On statues and sculptures

On statues and sculptures

Sculptures have always intrigued me – or rather, the artistry that surrounds making sculptures. How a sculptor can start out with a block of marble, or a slab of wood, or whichever medium they choose and then start chipping away until a form reveals itself, is a wonderful mystery to me. I am not even remotely capable of such mysteries, but I am very much capable of admiring them.

I have often wondered about the distinction between statues, sculptures, monuments and the like. On recent travels in Europe I saw endless amounts of all kinds (although I still cannot distinguish between them) – some fairly traditional and expected, and others, well, not so much.
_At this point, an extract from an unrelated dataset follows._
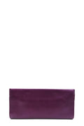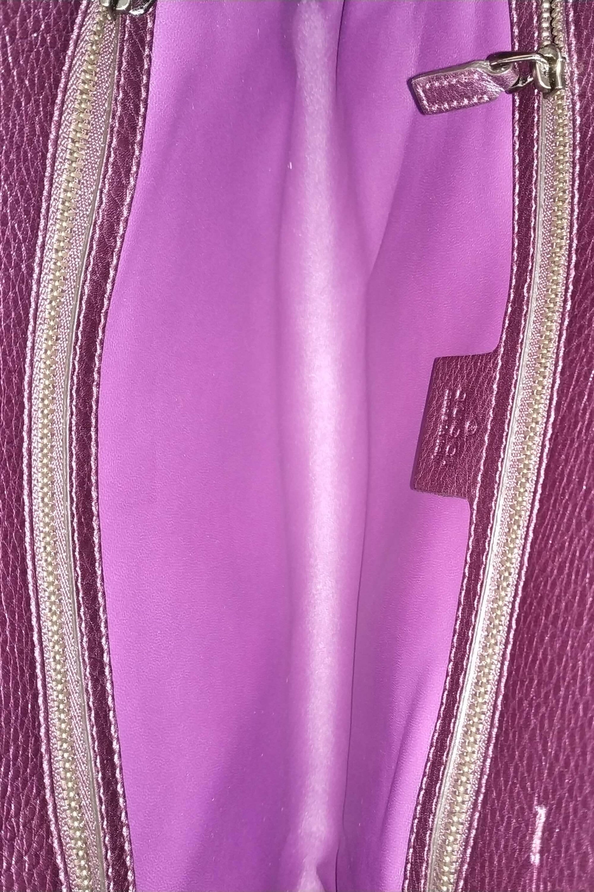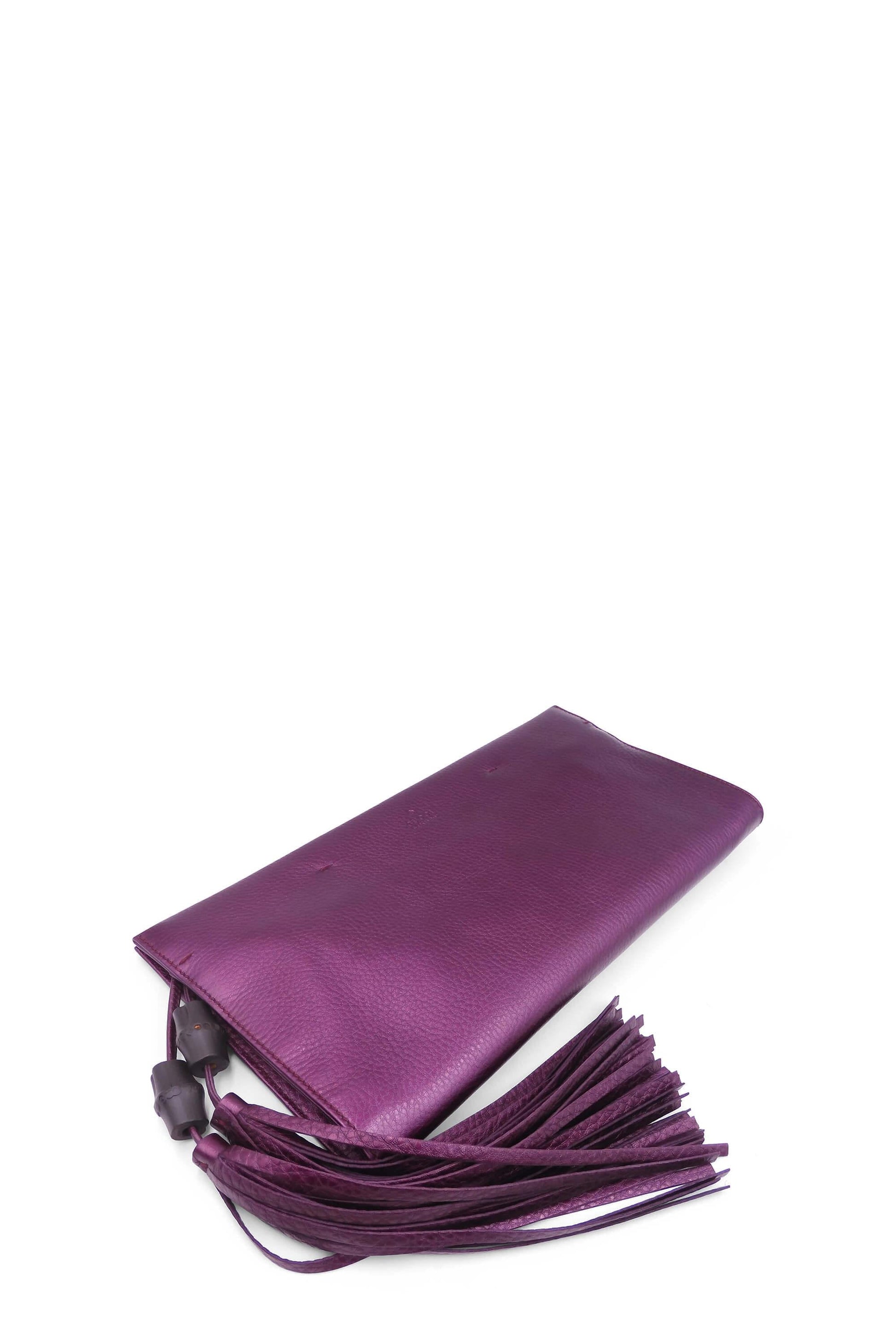 This Gucci Clutch features a purple grained leather body with bamboo tassels, interior zipper pockets, and an open top with magnetic closure.

Aside from the famous sculptures in museums and cathedrals, and statues on plains and squares, I found fascinating adornments on buildings and street corners of which the story and origins I could only imagine. And the imaginative tales I spun often ended up being far more … unique … than the sculptures themselves. I have to admit, if I were an artist and my work could inspire such leaps of imagination, I would not care too much about the true meaning or symbolism behind the work.

Dragon statue in Barcelona, Spain.

A statue (or sculpture, or monument, or adornment?) in Nice, France.

Sculptures (I am fairly certain that’s what these are) displayed in Leuven, Belgium.

A statue of Mozart in Salzburg, Austria.

A statue of Mozart in Salzburg, Austria.